Quant aux huit films présentés en compétition, ils permettront de se faire une idée des thèmes abordés par les cinéastes actuels. La jeunesse, avec deux films qui sont également présentés dans la section « jeune public » : As melhores coisas do mundo (Les meilleurs choses au monde) de Lais Bodansly et Desenrola (Déroule) de Rosane Svartman.  Play a song for me, film aux frontières du fantastique de Esmir Filho, a également pour personnage central un adolescent.  Difficulté et complexité des relations amoureuses ou affectives sont évoquées dans Malu de bicicleta (Malu à Vélo) de Flavio Ramos Tambellini et Como esquecer (Comment oublier) de Malu de Martino. Daniel Filho, avec Chico Xavier, retrace la vie du célèbre médium, dans un film qui  a connu un très grand succès national en 2010, avec le plus fort taux de fréquentation. Além da estrada (Sur la Route), de Charly Braun, est le seul film de la sélection qui sort des frontières du Brésil, avec pour décor l’Uruguay, des acteurs étrangers et l’espagnol en VO.  Retour à Rio avec 180 graus (180 degrés) de Eduardo Vaisman qui raconte l’histoire de trois personnages de la classe moyenne.

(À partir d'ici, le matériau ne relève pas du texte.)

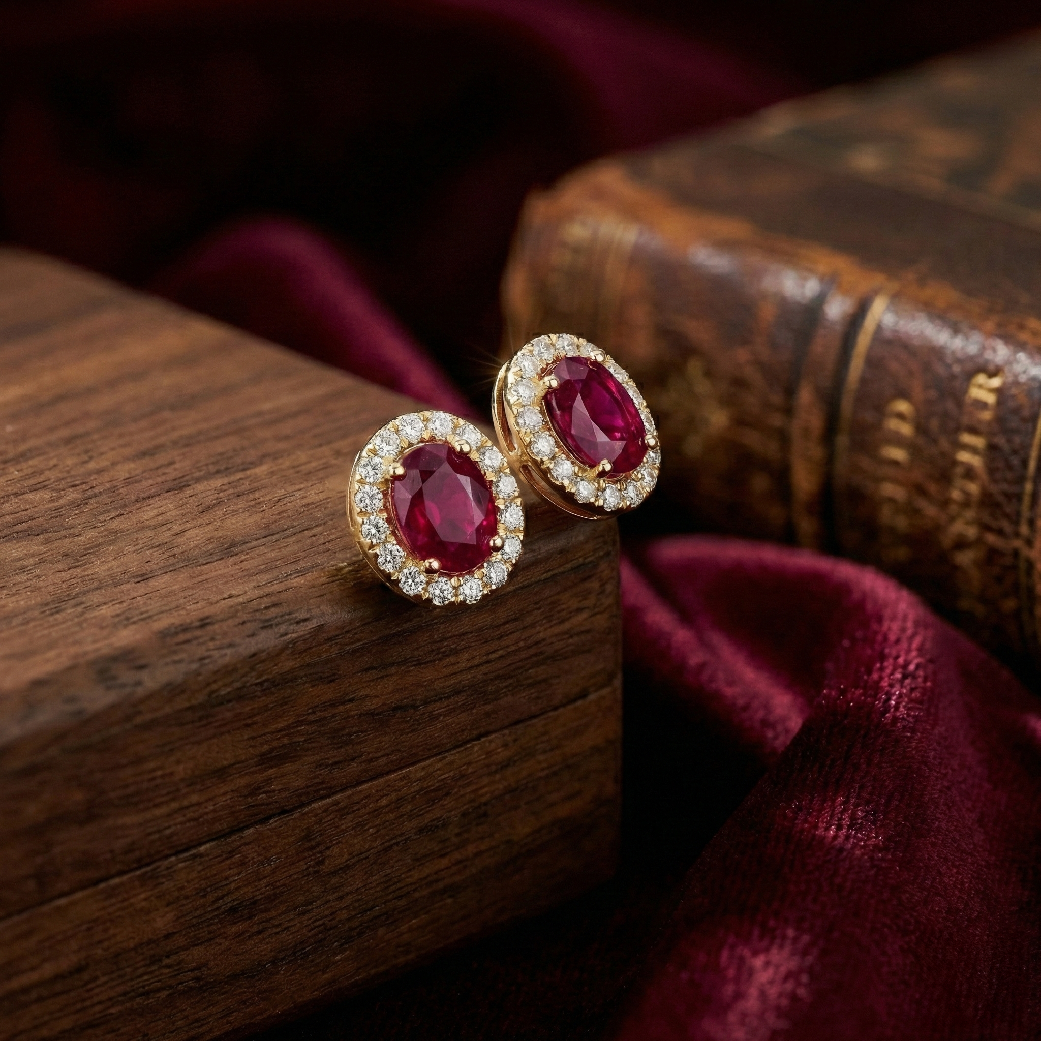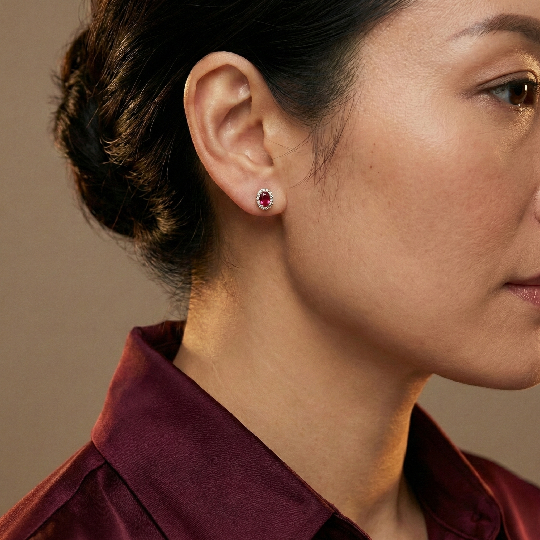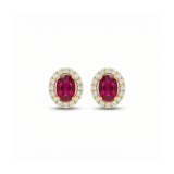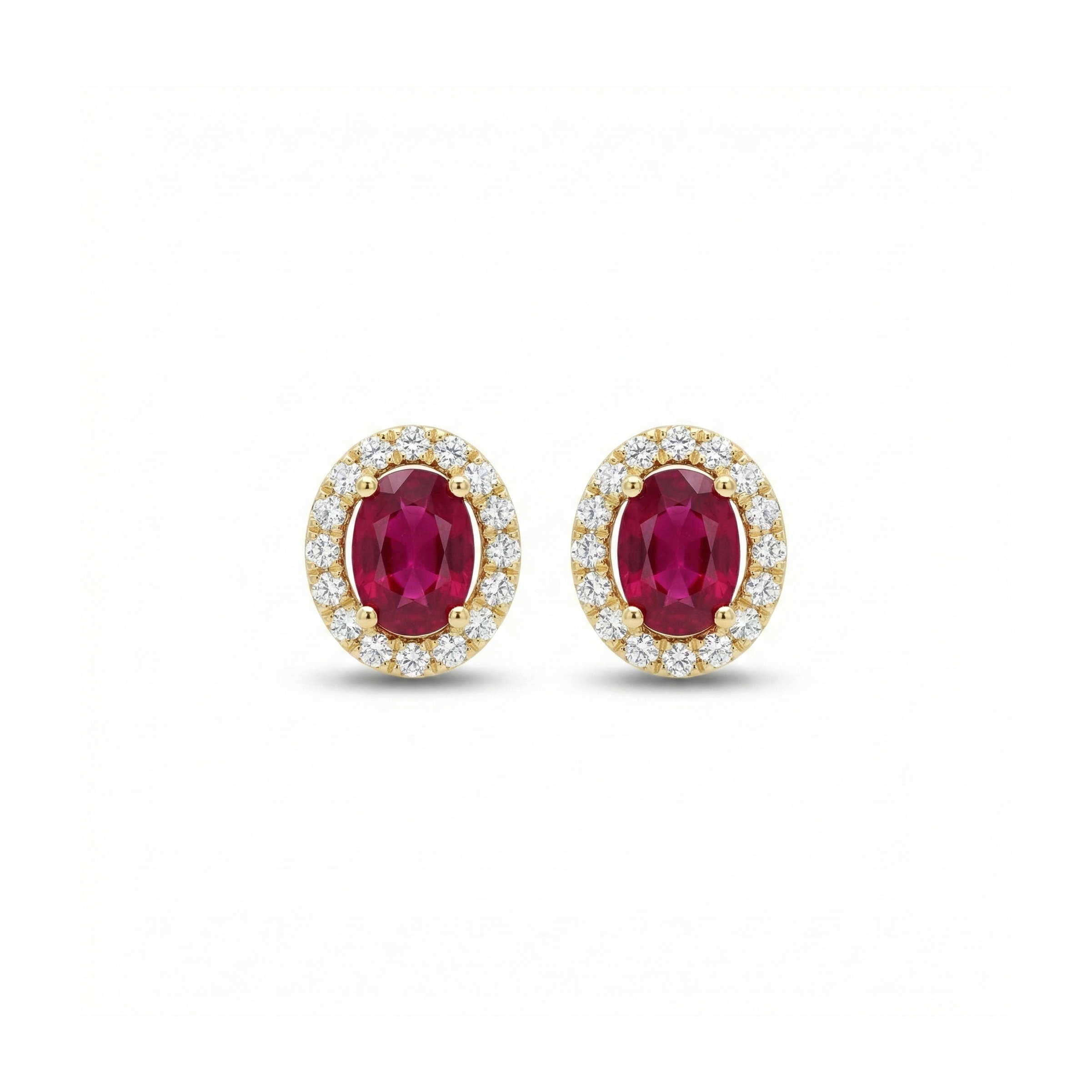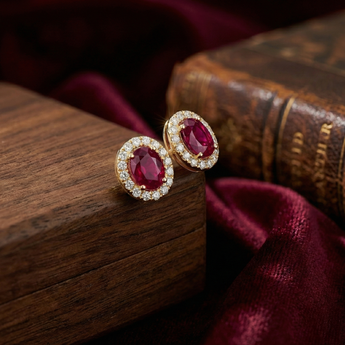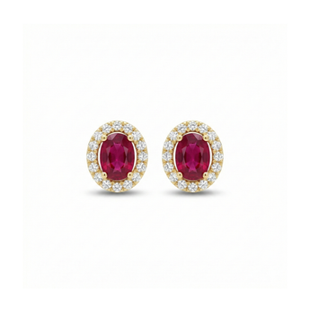 精緻的橢圓形紅寶石,散發濃郁的紅色魅力,周圍鑲嵌一圈閃耀鑽石,增添奢華氣息。搭配金色框架,完美襯托高貴與典雅,適合各種場合佩戴,展現迷人風采。
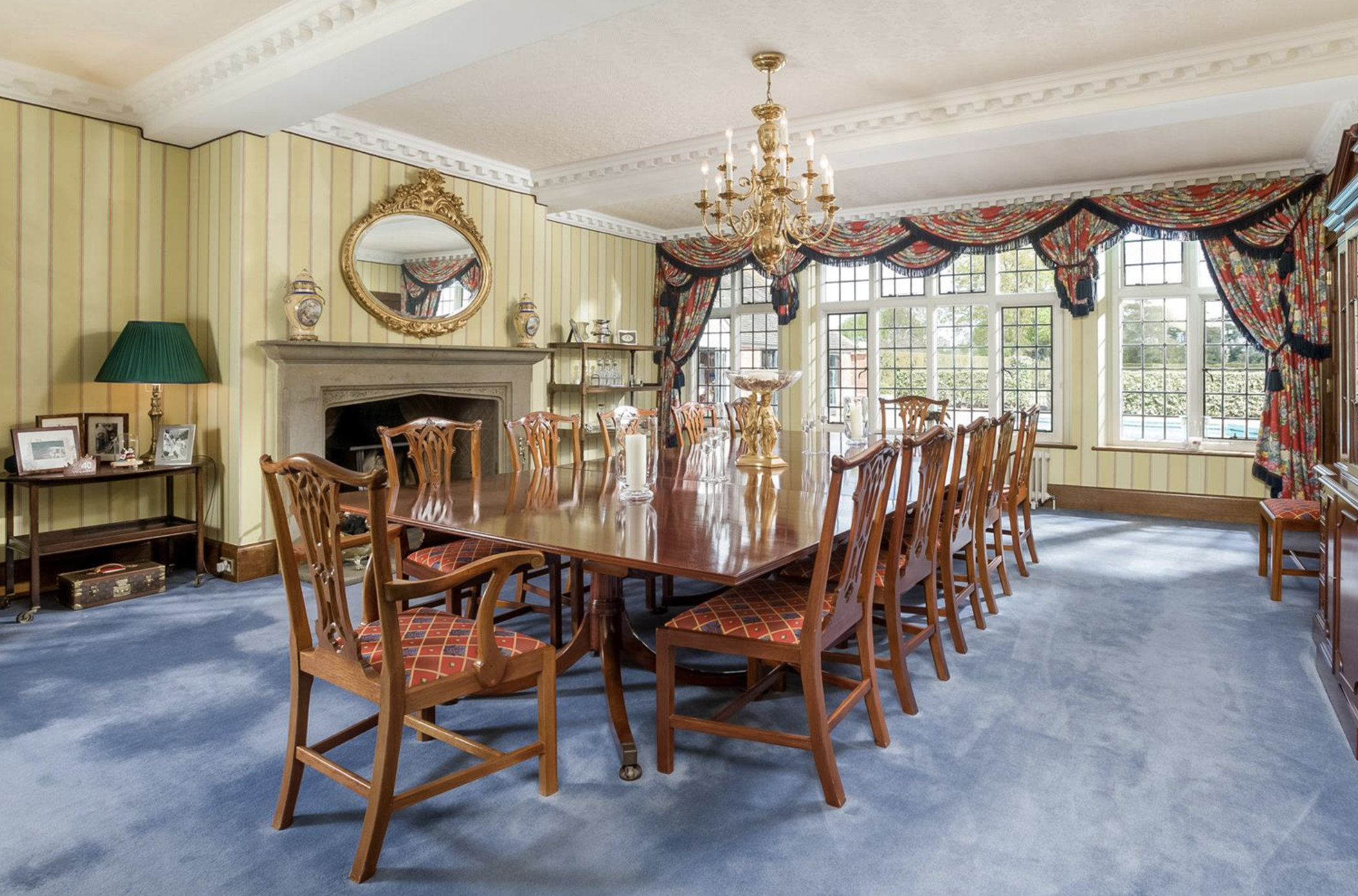 There is a large reception room with open fireplace, oak panelled walls and access to the rear gardens. Adjoining the reception room is a drawing room with attached garden room.

Les films en compétition sont soumis à un jury professionnel, composé de personnalités du cinéma français et qui décernera  trois récompenses : meilleur film, meilleur acteur et meilleure actrice. Les spectateurs pourront également se prononcer sur la sélection, appelés à voter  tout au long de la première semaine du Festival pour le Prix du Public du meilleur long-métrage de fiction.

Le Festival, ce sont aussi des débats, littéraire et cinématographique  – on retiendra la rencontre avec Nelson Pereira dos Santos organisée à la Maison de l’Amérique Latine le 5 mai –, un lancement de livre,  une exposition de photographie, un bar et des soirées…

Jorge Amado et Glauber Rocha, "Jorjamado", 1976

(1) L’Union Latine, organisation intergouvernementale composée de 36 Etats membres, a pour objectif la mise en valeur et la diffusion du patrimoine latin  ainsi que le soutien à la création et aux échanges culturels. Pour en savoir plus : http://dcc.unilat.org/DCC/index.fr.asp

(2) Vidas Secas a reçu le prix des Cinémas d’Art et d’Essai et le Prix du meilleur film pour la jeunesse.
1964 a été une année faste pour le cinéma brésilien à Cannes, puisqu’y était aussi présenté Deus e O Diabo na Terra do Sol (Dieu noir et Diable blond) de Glauber Rocha, qui fit également sensation. Le Cinema Novo faisait son apparition comme  nouveau courant de création cinématographique.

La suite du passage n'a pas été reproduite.